Erstwhile Konyak headhunters in Nagaland. (Photographs by Anu Mahotra)
While documenting the “customary way of life” of the Apa Tani tribe made Malhotra realise the “importance of leading a physically active and outdoorsy life”, a year later, she was back in the Northeast to photograph the Konyak tribe in Nagaland. Described as “fierce headhunters” by Christoph von Furer-Haimendorf in his book Naked Nagas, Malhotra photographs the women in long skirts, wearing heavy brass and bead jewellery, and the men being trained in the morungs (dormitory) in Wanching village — getting acquainted with their ancestry and rituals, learning warfare, cultivation, wood carving, basketry and music.
“Traditionally, the Konyaks believed that the soul of a person lives in the nape of the neck while the spiritual being, a source of fertile potency, was in the skull, and that it could be transmitted to others. The means of acquiring such power was to behead one’s enemies,” writes Malhotra in the book. While the Tribal Council still resolves disputes and the decision of the Angh (the chief) is final, Malhotra adds that the Nagas are believed to be part of the great Mongoloid race that expanded through South East Asia, from North China, possibly about 10,000 years ago.
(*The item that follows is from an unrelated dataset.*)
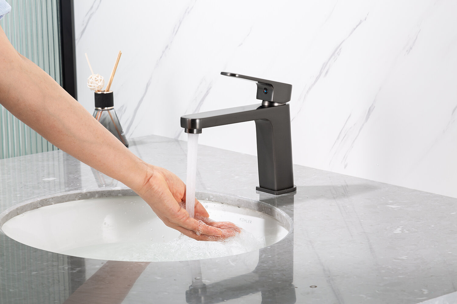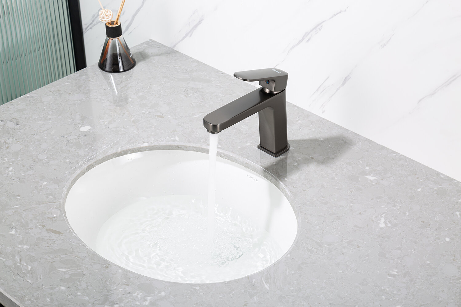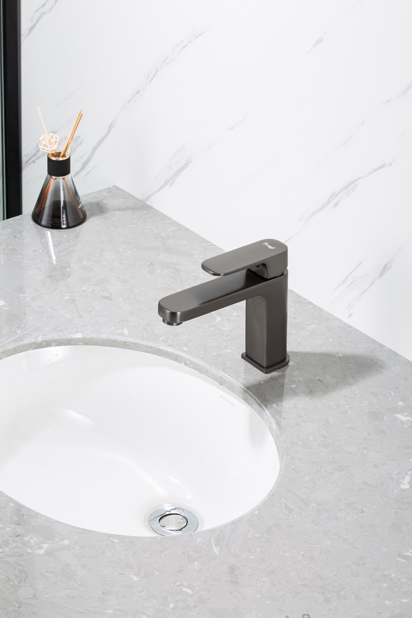 Смеситель для раковины (умывальника) Frap F1089-9 оружейная сталь, покрытие PVD, латунь, управление рычажное интересное:

In the third segment of the book, the photographer has the nomads of Tibet, whom she encountered while travelling 1,200 kilometers across the south-western Tibetan plateau, towards Lake Mansarovar and Mount Kailash in 2002. “I feel privileged and nostalgic about having visited Tibet at a time when I could still experience some centuries-old traditions, breathe a freer air and enjoy the vast expanses as the nomads did,” writes Malhotra, reflecting how much of what she saw in Lhasa does not exist anymore. The Apa Tani society, too, is marked by an increase in migration and unemployment, and in Nagaland, it has become necessary to “reexamine the Naga customary laws and find out how the modern legal system and the village councils might work together”.